An inconsistent history of buybacks for Caterpillar
Caterpillar's history of buyback activity has been sporadic. In the run-up to the financial crisis, Caterpillar made repurchases of its shares. But from 2009 to 2012, the company didn't spend a penny on buybacks. That made sense for during 2009 and 2010, as many companies in the industry hadn't yet fully recovered from the difficulties in the industry.
But as prices of mined products like gold and other precious metals kept climbing into 2011, one could have expected Caterpillar to reinstate its buyback program. Elsewhere in the industry, Deere (DE 1.03%) took advantage of high farm prices to increase its buybacks dramatically from financial-crisis levels. Yet Caterpillar didn't follow Deere's example, choosing instead to increase its dividends as a way of returning capital to shareholders.
Buying shares at a bargain price
Instead, Caterpillar did what most investors would prefer companies do: It waited to implement buybacks when the stock was struggling. By 2013, Caterpillar had fallen back from its highs, as the construction, infrastructure, and mining industries had lost much of their economic strength. The energy industry was still going strong at that point, and Caterpillar saw the pullback as an opportunity to reduce its share count and improve its earnings per share.

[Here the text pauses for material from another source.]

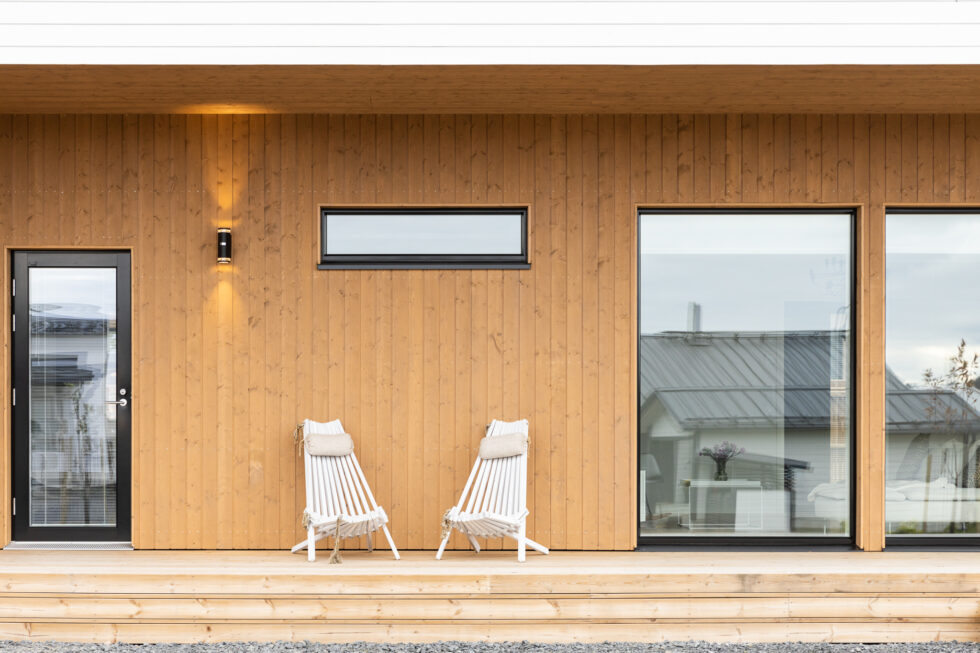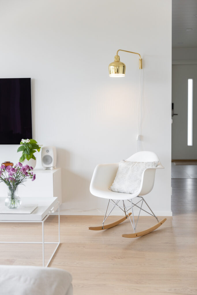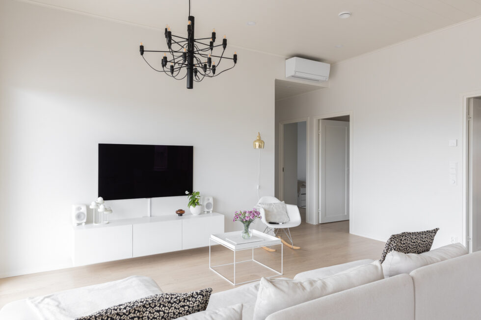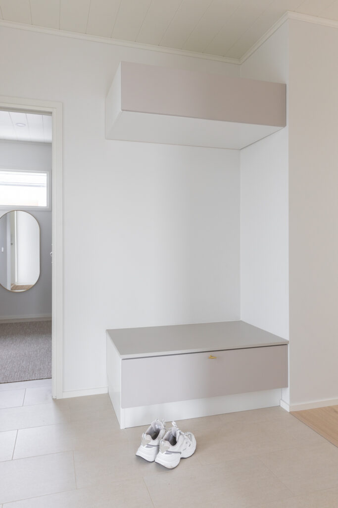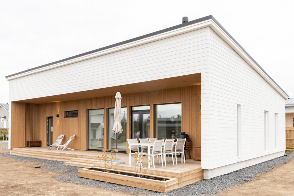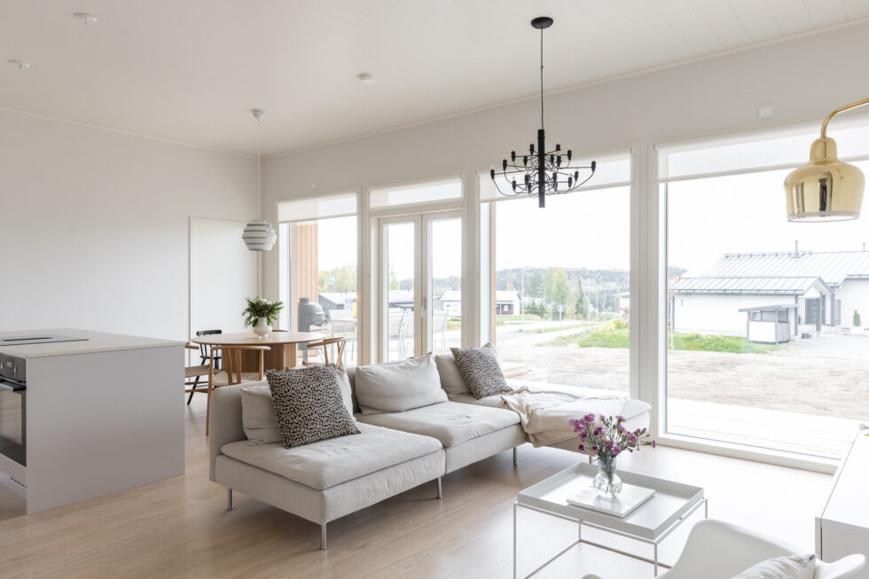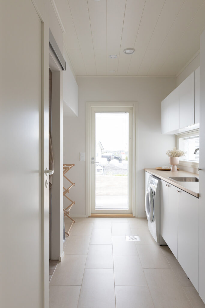 Tähän ihastuttavaan kotiin on sisällytetty kaikki tärkeät arjen ominaisuudet ja jopa neljä makuuhuonetta. Keittiössä on saareke, rauhallinen sävymaailma ja paljon valoisaa tilaa suurien ikkunoiden ansiosta. Keittiö-olohuoneesta on myös suora yhteys kauniiden pariovien kautta koko talon levyiselle, katetulle terassille. Tässä kodissa harkittu sävymaailma säilyy läpi talon aina oleskelutiloista lastenhuoneisiin.

By Jan. 2014, Caterpillar had completed a series of accelerated stock repurchase transactions to use up its 2007 authorization of $7.5 billion. The company then followed that completed buyback up with a new $10 billion authorization, which was set to run through the end of 2018. Further accelerated repurchases of $2.5 billion in July 2014 stepped up the pace of Caterpillar's return of capital to shareholders, and the company ended up spending another $2 billion on buybacks in 2015.
Can Caterpillar keep buying back stock?
Late last year, Caterpillar executives addressed whether the company would continue to buy back stock in 2016 and beyond. The equipment maker has several priorities for using its cash, and the company reiterated that its first priority is to keep its balance sheet as healthy as possible to ensure that it can survive through difficult industry conditions. The second priority is growth, and so if opportunities arise for the company to invest money in ways that can bolster internal prospects, then investors should be prepared for it to do so.
Beyond that, Caterpillar explicitly said that dividends are a key component of its capital allocation strategy, and the company also wants to make sure that it has funded its pension obligations sufficiently. Finally, Caterpillar said that buybacks come last, and the company chose not to provide a forecast of what it will do with repurchases in the future.
Investors need to understand Caterpillar's history of stock repurchases to put things like its current $10 billion authorization in context. It took the company years to use up its previous $7.5 billion, and it's unlikely that Caterpillar will be in a hurry this time around either. Investors should therefore look more at whether Caterpillar can recover and take advantage of future opportunities for growth rather than focusing on the prospect for stock repurchases in the near future.